Wednesday’s epic stock market tumble by the numbers

FAN Editor

Stocks had their worst day in eight months on Wednesday after a sharp downturn in tech shares, coupled with persistently higher interest rates, spooked investors.

Technology is one of the best-performing sector in the market, with companies like Microsoft and Apple having posted sharp gains for the year. However, the S&P 500 technology sector had its worst day in seven years on Wednesday, dragging the major indexes lower.

Equities had been under pressure heading into Wednesday’s session as Wall Street that higher borrowing costs will slow down the economy.

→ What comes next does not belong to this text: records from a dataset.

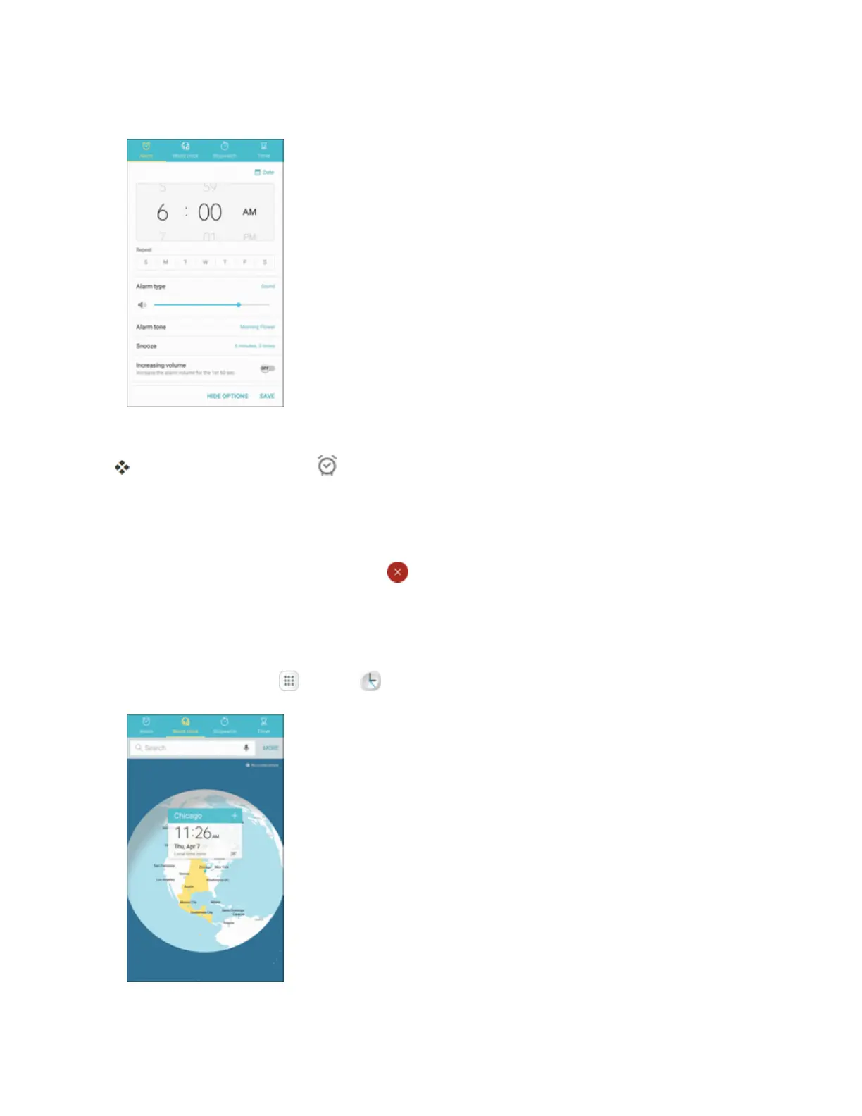 Fromhome,tap Apps >Clock >World clock.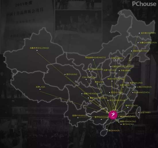 广州设计周2008-2013年期间路演覆盖城市: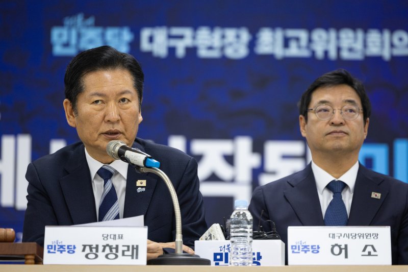 정청래 민주당 대표는 이날 대구에서 열린 현장최고위원회의에서 "이재명 대통령이 지역에 1년에 5조원, 총 20조원을 지역에 투입하고 각종 특례조항을 적용해 여러 권한을 줘 대구·경북 시도민들을 잘 살게 해주겠다고 하는데 정작 이 지역 국회의원들은 왜 반대하나"라며 "국민의힘 법사위원과 장동혁 대표, 송언석 원내대표 일단 석고대죄하고 대국민사과 하라"고 촉구했다.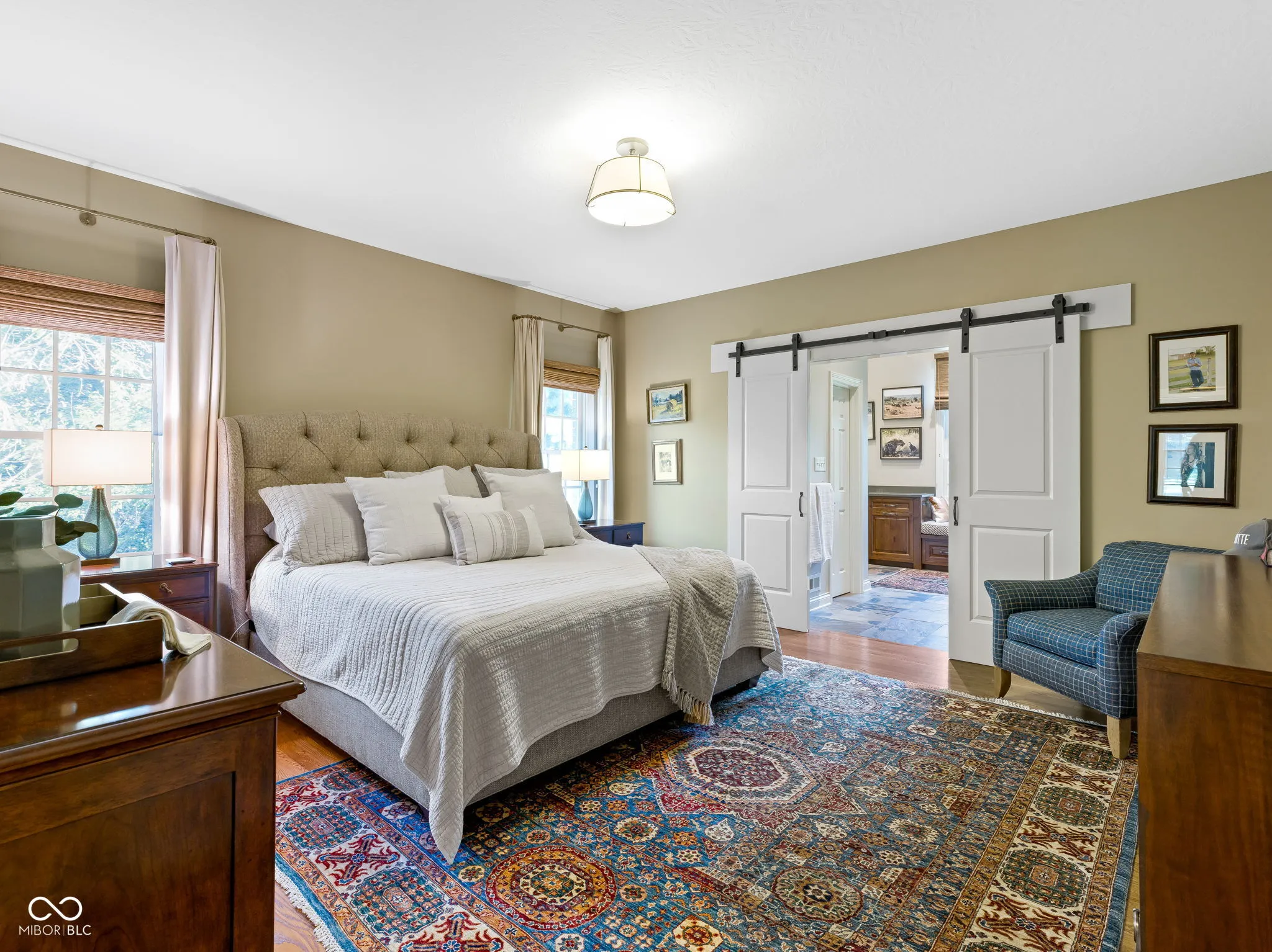 Rare opportunity to own 5 plus acres in Zionsville schools. Tucked away along a picturesque winding driveway, this custom-built full-brick home is surrounded by a variety of mature trees that provide remarkable privacy and scenic views that change beautifully with the seasons. Inside, the home feels warm and comfortable, with hardwood floors and inviting spaces throughout. The main-level primary suite offers a quiet retreat, complete with a beautiful ensuite bath and a hallway that connects directly to the home office. With French doors, built-in shelving, and plenty of natural light, the office is a great spot to work from home, read, or simply enjoy a quiet moment. The vaulted great room is the heart of the home, centered around a beautiful brick fireplace and open to the kitchen, creating an easy flow for both everyday living and time spent with family and friends. Upstairs, three spacious bedrooms share a full bath and provide plenty of room for family or guests. The finished lower level adds even more flexible living space, with a fifth bedroom, full bath, wet bar, and a large recreation area that works well for movie nights, workouts, or casual entertaining. The property’s barn adds tremendous flexibility and opportunity. Currently outfitted with two stalls, automatic waterers, hay storage, and a tack area, the space could easily accommodate horses, hobby farming, small animals, a workshop, studio, or additional storage. A finished apartment above the barn with a kitchenette and full bath offers excellent space for guests, extended family, or a private office. The possibilities are endless! Minutes from Zionsville schools, shopping, dining, and interstates, this property is a rare opportunity to enjoy peaceful country living without sacrificing modern conveniences. Whether you’re dreaming of horses, hobby farming, or a retreat from everyday life, this property is ready to bring your vision to life.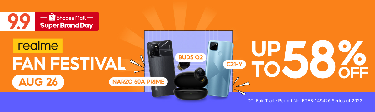 This August 26, get ready to have real fun at the realme Fan Fest Campaign! Enjoy Shopee-exclusive deals of up to 57% off and vouchers of up to ₱120 off on select realme Official Store products, as well as the chance to win awesome brand partner freebies!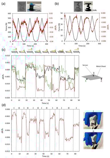 Self-sensing printed complex devices: (a) cycling compression load of the three-column device, (b) cycling compression load of the spring, (c) footstep platform and (d) manual compression of spring device.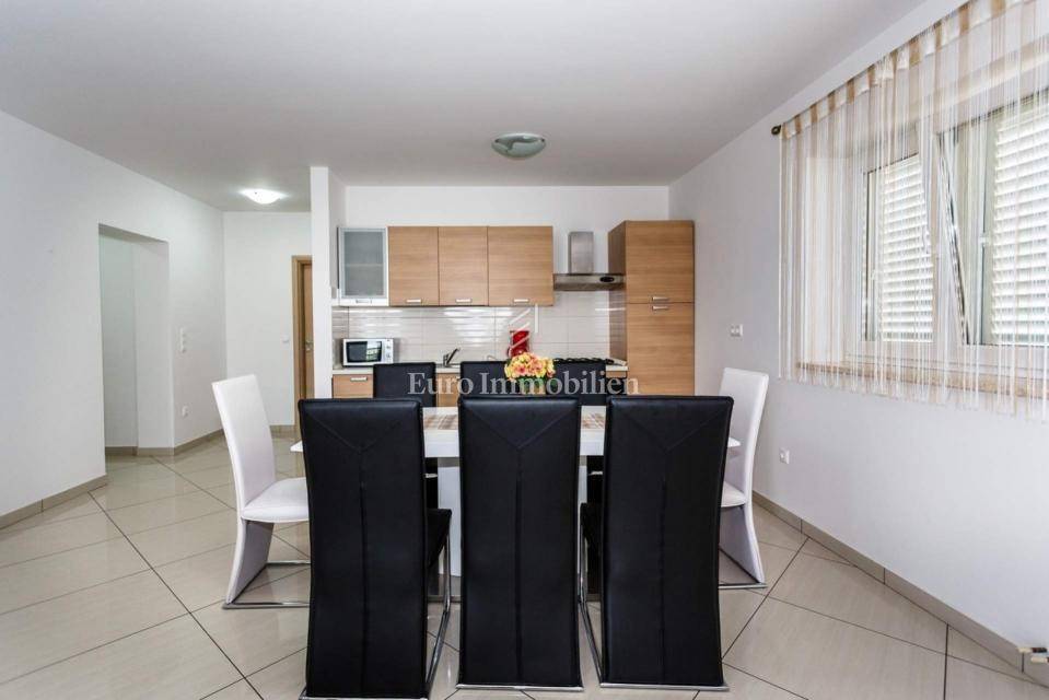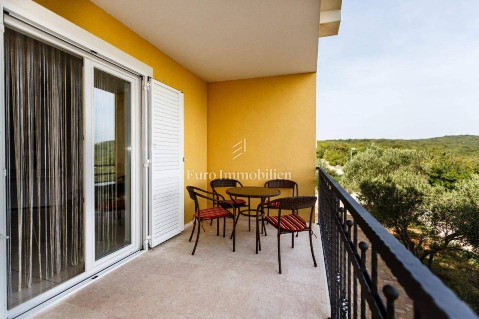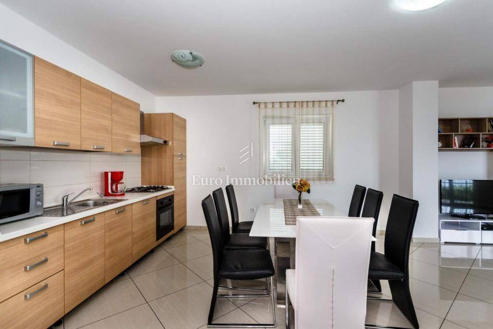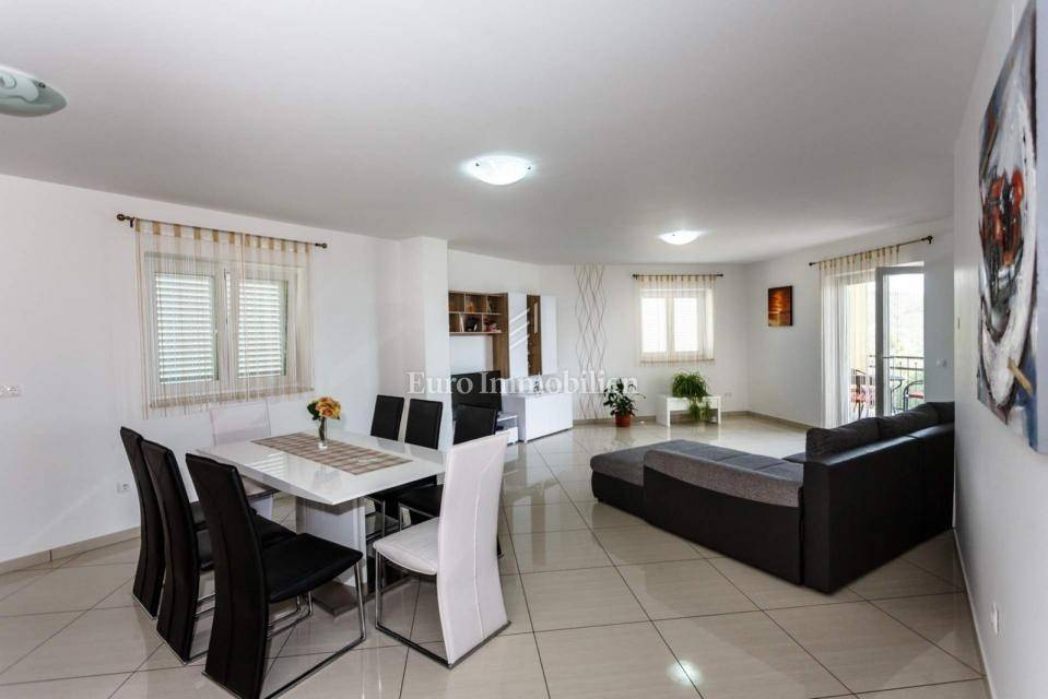 Prodaje se apartman površine 98,55 m2 na prvom katu lijepe apartmanske zgrade. Apartman se sastoji od prostranog dnevnog boravka s kuhinjom i blagovaonom, dvije spavaće sobe, hodnika, kupaone i dva balkona.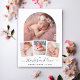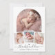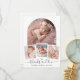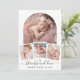 It features your precious baby’s photo within a stunning white arch frame that adds a touch of sophistication and grace, below the central image, three smaller photos are elegantly arranged within a thin white frame, allowing you to share more special moments. At the bottom of the card, your baby’s information is displayed in an elegant calligraphy font, adding a personal and stylish touch.

Below is a look at some of the most staggering stats from Wednesday’s sell-off:

  • The Dow Jones Industrial Average closed 831.83 lower at 25,598.74, its worst day since Feb. 8, when it fell 1,033 points. The Dow also closed below its 50-day moving average for the first time since July 6.
  • The S&P 500 dropped 3.3 percent to 2,785.68, marking its biggest one-day decline since Feb.8, when it fell 3.8 percent. The broad index also posted its first five-day losing streak since November 2016. It also closed below its 100-day moving average for the first time since June 27.
  • The Nasdaq Composite plummeted 4.08 percent to 7,422.05. Wednesday was the tech-heavy index’s worst day since June 24, 2016, when it dropped 4.12 percent. It also broke below its 200-day moving average for the first time since June 29, 2016.
  • The Russell 2000 slid 2.86 percent to 1,575.41, notching its worst day since Feb. 8. That day, it plummeted 2.93 percent. The small-caps index also closed below 9.6 percent below a record set on Aug. 31.
  • The Cboe Volatility index (VIX) widely considered the best gauge of fear on Wall Street, surged 43.9 percent to 22.96, its highest level since April 6, when it hit a high of 23.12.
  • All 11 S&P 500 sectors closed lower, with tech leading the charge. Tech fell 4.8 percent, turning in its biggest one-day drop since Aug. 18, 2011, when it lost 5.3 percent. Materials and communications closed in correction territory, having shed more than 15 and over 11 percent, respectively, since hitting their 52-week highs.
  • Tiffany and Twitter were the worst-performing stocks in the S&P 500, dropping 10.2 percent and 8.5 percent, respectively.
  • More than 330 of the 505 stocks in the S&P 500 closed more than 10 percent below their 52-week highs. Over 140 of them ended the session in bear-market levels, or down more than 20 percent from their one-year highs.